I make my own chicken breast treats, I bake them first then slice them into strips then roast them dry and make them crisp , plus they both love freeze dried green tripe as a special snack. That is all they get other than flossies to chew for their teeth and Nutri-Dent greenie about once a week.
I did order some sweet potato chips for them today just to try, they are also all natural and made in US, I refuse to buy anything linked to China.


----------



## carrie (Aug 24, 2004)

the kibble is good for his teeth. however, you can mix the canned with the dry or just give one wet meal and one dry meal a day.

my dogs eat the dry kibble only.


----------



## 2maltese4me (May 8, 2006)

I also feed Canidae Lamb and Rice.
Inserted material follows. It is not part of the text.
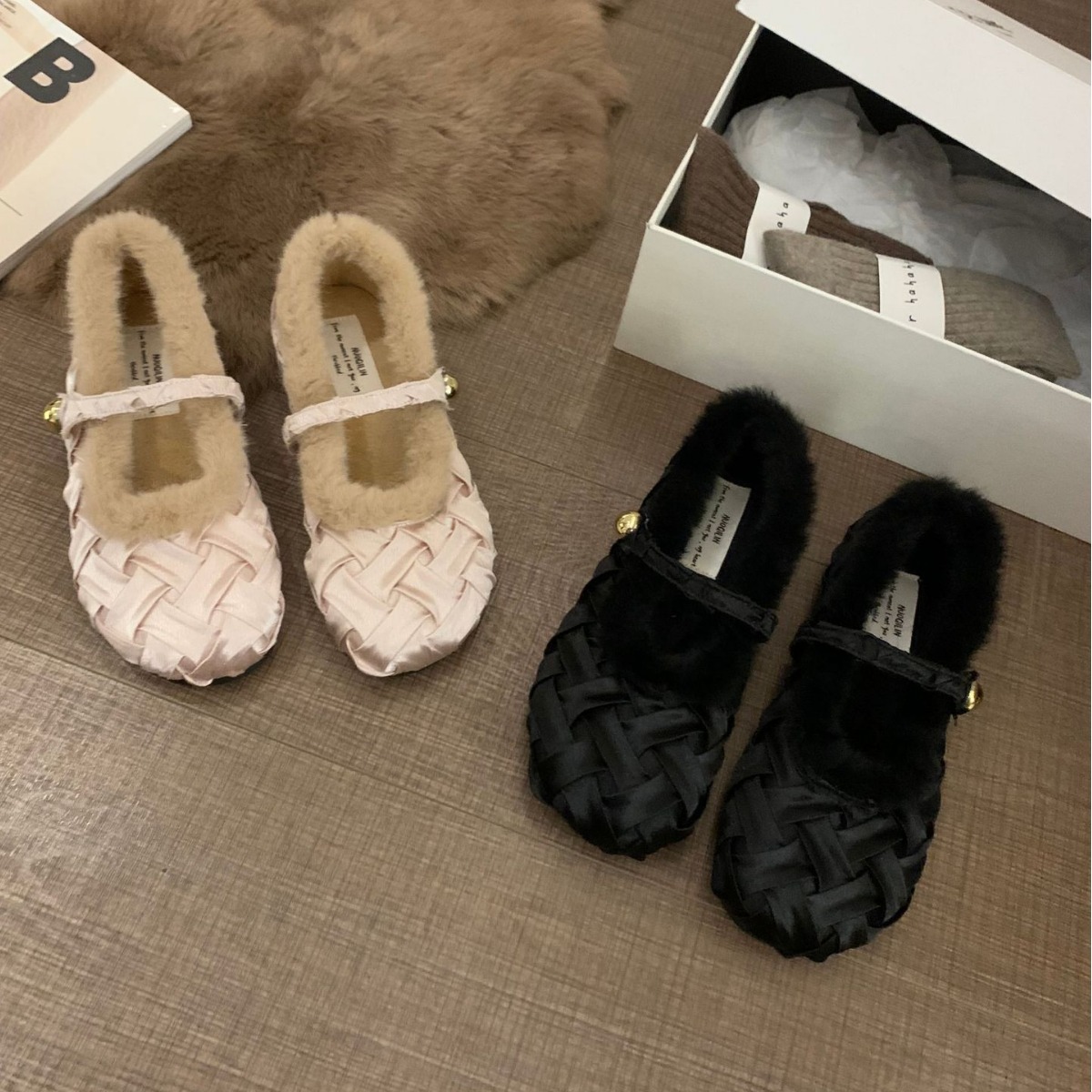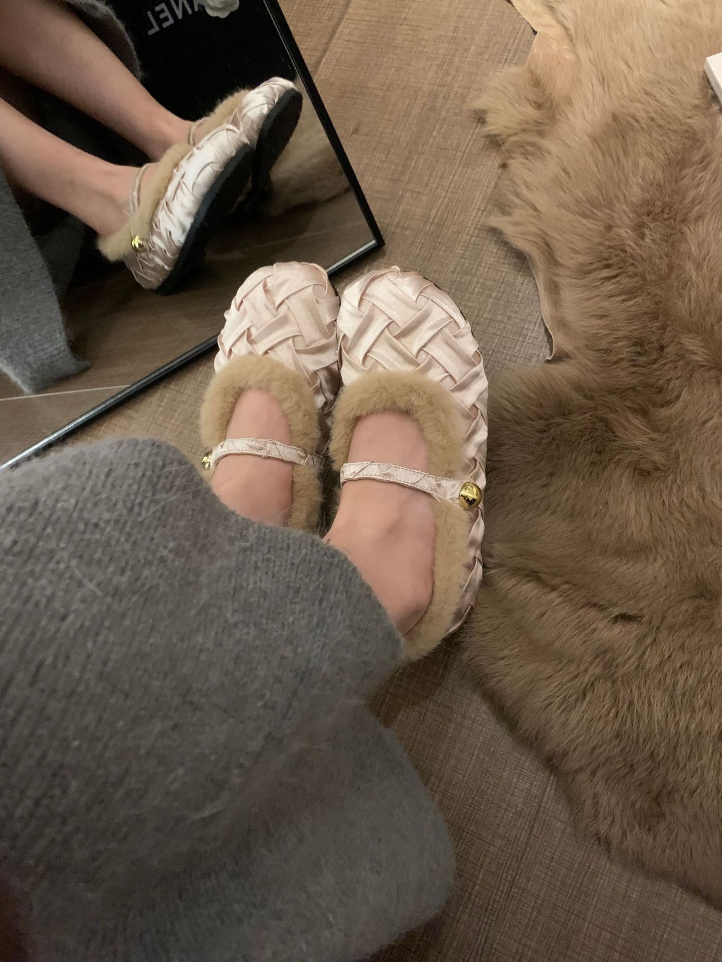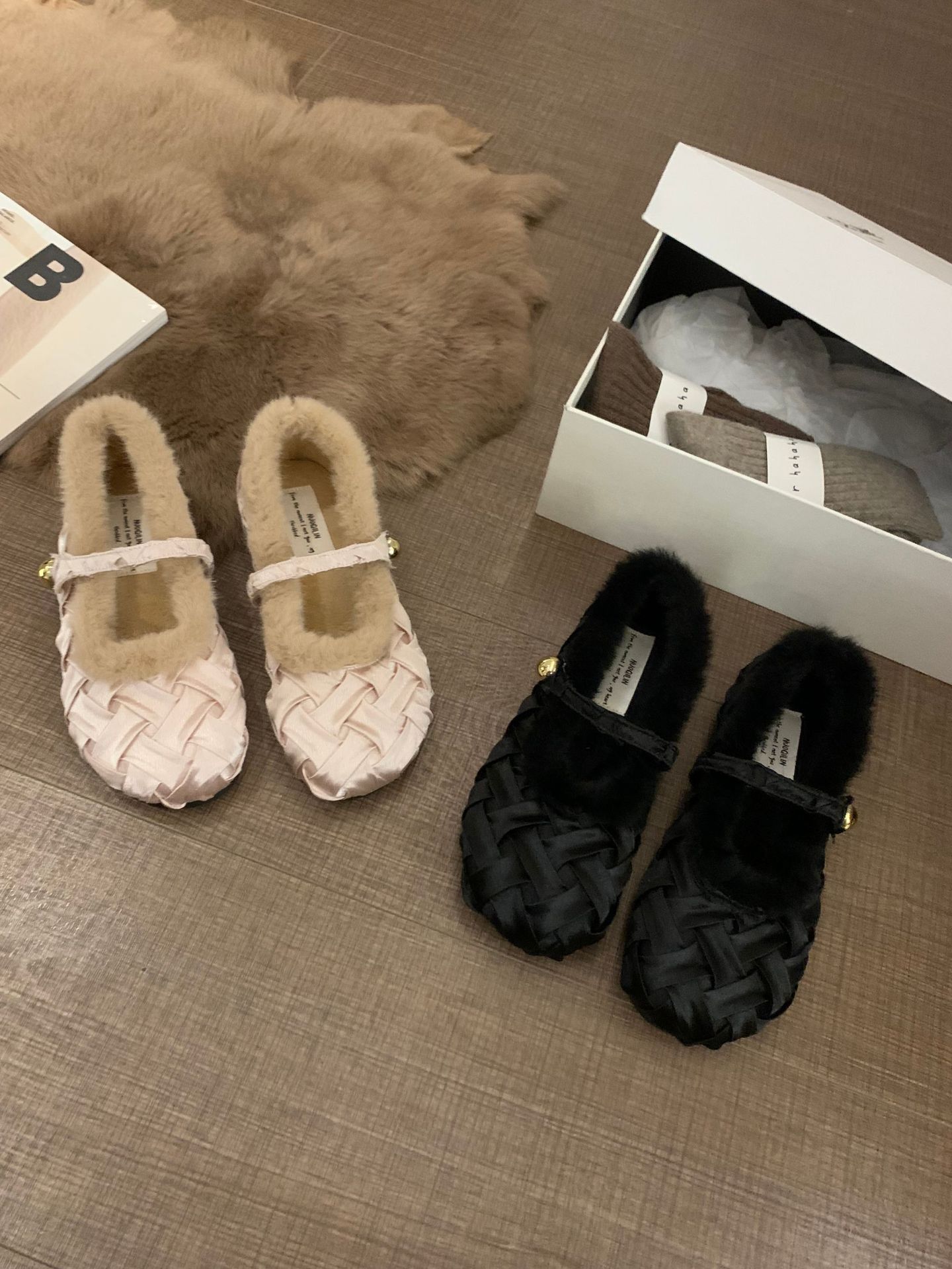 2023 새로운 가을과 겨울 두꺼운 바닥 라운드 헤드 마오 마오 기모 단어 Doudou 부드러운 바닥 여성 신발 스커트와 밤 바람

I only use dry kibble. Its best for their teeth. If I were going to use canned, I would only mix in about a teaspoon with the kibble, I would never feed canned alone because then thats all they'd want.


----------



## Ptarana (Jul 12, 2006)

I have read in the Whole Dog Food Journal that you should feed your dog dry and canned. He says dry dog food really does nothing for their teeth and that canned food offers things in it for them that dry doesn`t.


----------



## Malteseluv (Feb 6, 2007)

Premium canned food is perfectly fine for dog. In fact, it is much less processed than dry food and it contains more moisture which is good for them. In my opinion, saying that dry food is good for keeping their teeth clean is like saying crackers are good for keeping our teeth clean. 
Regardless of what kind of food you feed, their teeth should be brushed or a product like petzlife oral gel should be used


----------



## carrie (Aug 24, 2004)

> Premium canned food is perfectly fine for dog. In fact, it is much less processed than dry food and it contains more moisture which is good for them. In my opinion, saying that dry food is good for keeping their teeth clean is like saying crackers are good for keeping our teeth clean.
> Regardless of what kind of food you feed, their teeth should be brushed or a product like petzlife oral gel should be used [/B]
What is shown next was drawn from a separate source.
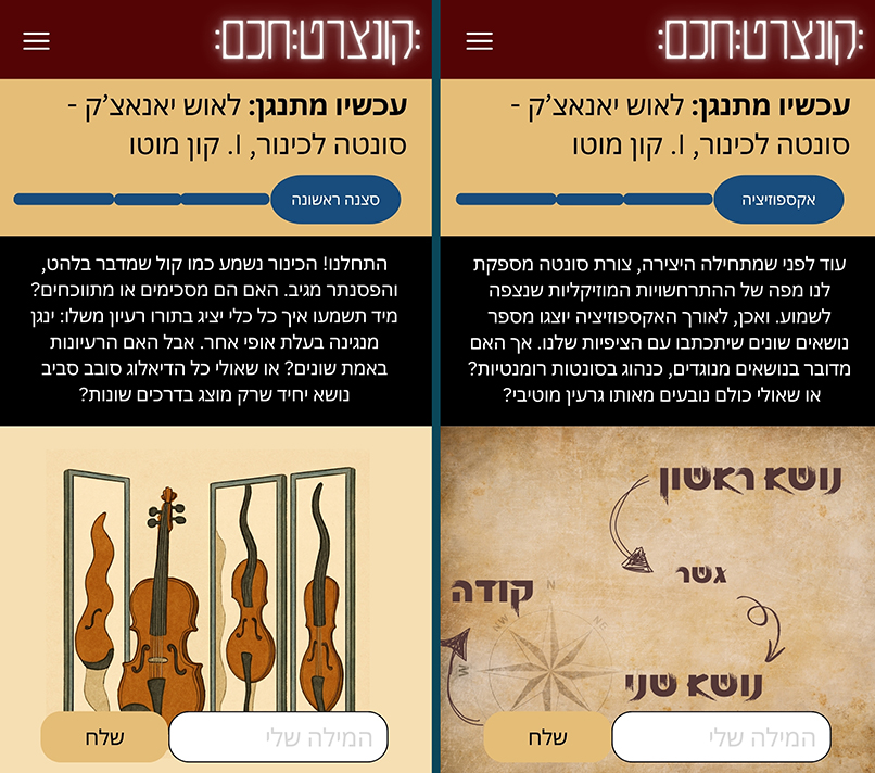 "בכניסה לאולם יהיה ברקוד. הקהל יתבקש לסרוק אותו וכך להיכנס לאפליקציה שלנו. לאחר הכניסה, האפליקציה תשאל אותך האם אתה מאזין מנוסה או חדש למוזיקה קלאסית, ועל פי התשובה היא תספק לך מידע בזמן אמת על מה שאתה שומע".
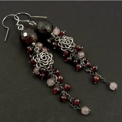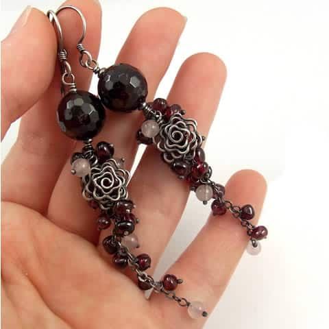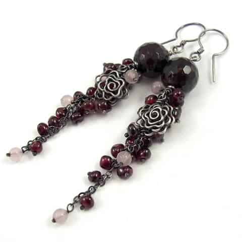 Wyjątkowe i efektowne kolczyki wykonane z 12mm fasetowanych kul naturalnego Granatu, srebrnych ręcznie wykonanych róż, 4mm kulek Kwarcu różowego i nieregularnych bryłek Granatu zawieszonych na ręcznie topionych srebrnych szpilkach w kształt wiszącego gronka. Bigle srebrne. Całość oksydowana i wypolerowana. Kolczyki mają długość ok. 9cm, jeden kolczyk waży ok. 10 gram.

i'm just going by what my vet told me. i was told *kibble sustained the integrity of the teeth*, and also aids in cleaning. 

there are other reasons for my kidz not regularly eating canned, one is that for some reason mini wears most of hers and stains her beard even more than usual.... two is that massimo is so picky, we have yet to find a canned food he will eat.


----------



## Malteseluv (Feb 6, 2007)

Oh, I completely understand what you're saying  I see nothing wrong with feeding dry kibble. I was just stating that it doesn't keep their teeth clean, you actually have to still brush or use the petzlife even if they eat dry.


----------



## carrie (Aug 24, 2004)

> Oh, I completely understand what you're saying  I see nothing wrong with feeding dry kibble. I was just stating that it doesn't keep their teeth clean, you actually have to still brush or use the petzlife even if they eat dry.[/B]


and i completely agree with that!! :smilie_daumenpos:


----------



## ClassyCutie116 (Aug 11, 2007)

Haha yea I agree with the teeth cleaning too! I'm trying to keep up with that and get him to like it more...yea right! lol 

Thanks guys for all the feedback, some good ideas!  

I still feed my baby 3 meals a day, I think I'm gonna tansition to 2 canned and 1 dry of Canidae, plus treats....or maybe I'll try to mix the dry and canned....wish me luck haha









Joylynn
xoxo


----------



## 3Maltmom (May 23, 2005)

Good Luck!!

I feed canned each morning and evening. With dry out 24/7. Canned does contain alot of moisture, which is very good for them. It also has less preservatives, as the act of canning is preserving it.

I think of myself eating mashed potatoes, and what would stick in my teeth. Then I think of myself eating a bag of peanuts. You should see my teeth after I eat peanuts ~ LOL

I like that mine eat both. They enjoy nibbling on the dry throughout the day.


----------



## ClassyCutie116 (Aug 11, 2007)

> Good Luck!!
> 
> I feed canned each morning and evening. With dry out 24/7. Canned does contain alot of moisture, which is very good for them. It also has less preservatives, as the act of canning is preserving it.
> 
> ...



Thanks hun!

Yea, I might try that too, seems like a good idea...and I agree that it has less preservatives, plus Mickey loves the canned, which is good! haha


----------